Thanks, now I understand -- I had never considered symbol order to be changeable because I've always thought of it in terms of nested contexts (similar to the graph model itself).

This is reflected in the structure of the table on https://wiki.oasis-open.org/xdi/GraphModelStructure. Each branch of the node type tree going left-to-right represents the parent context of the next branch, with the most specialized contexts being the leaf nodes.

So my assumption has always been that the order of the context symbols would follow the order of specialization in the model. For example, an unreserved attribute singleton would be:

   singleton > attribute > unreserved

If the symbol for singleton was | and attribute was & and unreserved was + and the instance was "email", this would be |&+email.

In theory I can see a case for the opposite rule, i.e., that the order should be from specific to general, which happens to be the order you would use in English, i.e.:

  unreserved > attribute >  singleton

...which would yield 

    +&|email

However what distresses me about that is that visually and mentally the core type is no longer "+email". This gets even more disturbing when you apply the logic to a $word like $uri. If you had an unreserved URI singleton with specific-to-general ordering, it would look like:

   $&|uri

In short, a $word would no longer be recognizable as a $word.

I really don't like that. I highly recommend following the order of the model, so the most specialized context (e.g., $, +, =, @, *, !) always stays immediately adjacent to the identifier string.

=Drummond 



On Thu, Apr 11, 2013 at 1:52 PM, Markus Sabadello <markus.sabadello@xdi.org> wrote:
Sometimes you have more than one symbol in a context, e.g. in your preference you have |>+email.

So there's the | singleton symbol, the > attribute symbol, and the + "main" context symbol.

What I meant by "symbol order" is that the order of these three symbols could also be arbitrarily defined by the TC, just like the symbols themselves.

I.e. we could do |>+email or >|+email or +|>email or +>|email or.any other combination..

In my preference I wrote that I'd prefer the "main" context symbol to go first, then the singleton symbol, and then the attribute symbol.

Markus

On Thu, Apr 11, 2013 at 7:39 PM, Drummond Reed <drummond.reed@xdi.org> wrote:
Thanks Markus.

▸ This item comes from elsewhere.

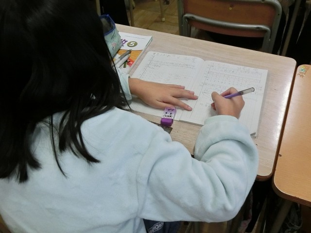 5年生の算数です。菱形の面積を求める方法を考えました。既習事項の四角形と三角形のときを思い出し、パーツを組み替えて習った知識が使えないかのアイデアを出し合いました

By "symbol order", do you mean the order in which symbols appear when we document them?

Everyone else on the TC: please follow Markus' example and indicate your preference by posting to the wiki. (If you don't want to bother with the wiki, just copy the example set of XDI statements below, do a search-and-replace with your own preference for syntax characters, then send it back as a reply to the list and one of us will post it to the wiki).

If everyone can do this by tomorrow's TC telecon (9AM PT), we will make this our primary decision to close on. This is important since we have only 3 weeks left until the Internet Identity Workshop at which we want to do a plethora of XDI demos.

Here's the example model (reflecting Markus' syntax preferences):

Attribute symbol: &
Singleton symbol: |
Literal symbol: #

Order: ( "="/"@"/"+"/"$"/"!"/"*" ) [ "|" ] [ "&" ]

=markus+|&email/$ref/
   =markus+&email!9876
=markus+home+|&email/$ref/
   =markus+&email!5432
=markus+work+|&email/$ref/
   =markus+&email!9876
=markus+&email!5432#/#/
   "ms@example.com"
=markus+&email!9876#/#/
   "markus@example.net"
=markus+address!4567+&street[1]#/#/
   "123 Main St"
=markus+address!4567+&street[2]#/#/
   "Apt 23"
=markus+address!4567+|&city#/#/
   "Vienna"
=markus+address!4567+|&country#/#/
   "Austria"
=markus+address!4567$|&t#/#/
   "2013-04-11T10:11:12Z"


On Thu, Apr 11, 2013 at 5:02 AM, Markus Sabadello <markus.sabadello@xdi.org> wrote:
Just added my preference, and also fixed a few typos, e.g. in your preference you had

=markus|>+email/$ref/
   =markus+email!9876

But it should be

=markus|>+email/$ref/
   =markus>+email!9876

In my preference, in addition to a different symbol for attributes, I also have a different order for the symbols.

Markus

On Thu, Apr 11, 2013 at 11:35 AM, Drummond Reed <drummond.reed@xdi.org> wrote:
Major development this week. As we discussed on last Friday's TC call, all of our deliberations about syntax simplification (and the feedback we received from developers last week) made us realize we needed to fully document the underlying model the syntax was representing (and not the other way around, which is what sometimes has happened in our syntax discussions).

So Markus and I have done that. It's now on the TC wiki:


PLEASE REVIEW THIS and see if you can spot any flaws in the model (after all, it only represents 9 years worth of development work ;-)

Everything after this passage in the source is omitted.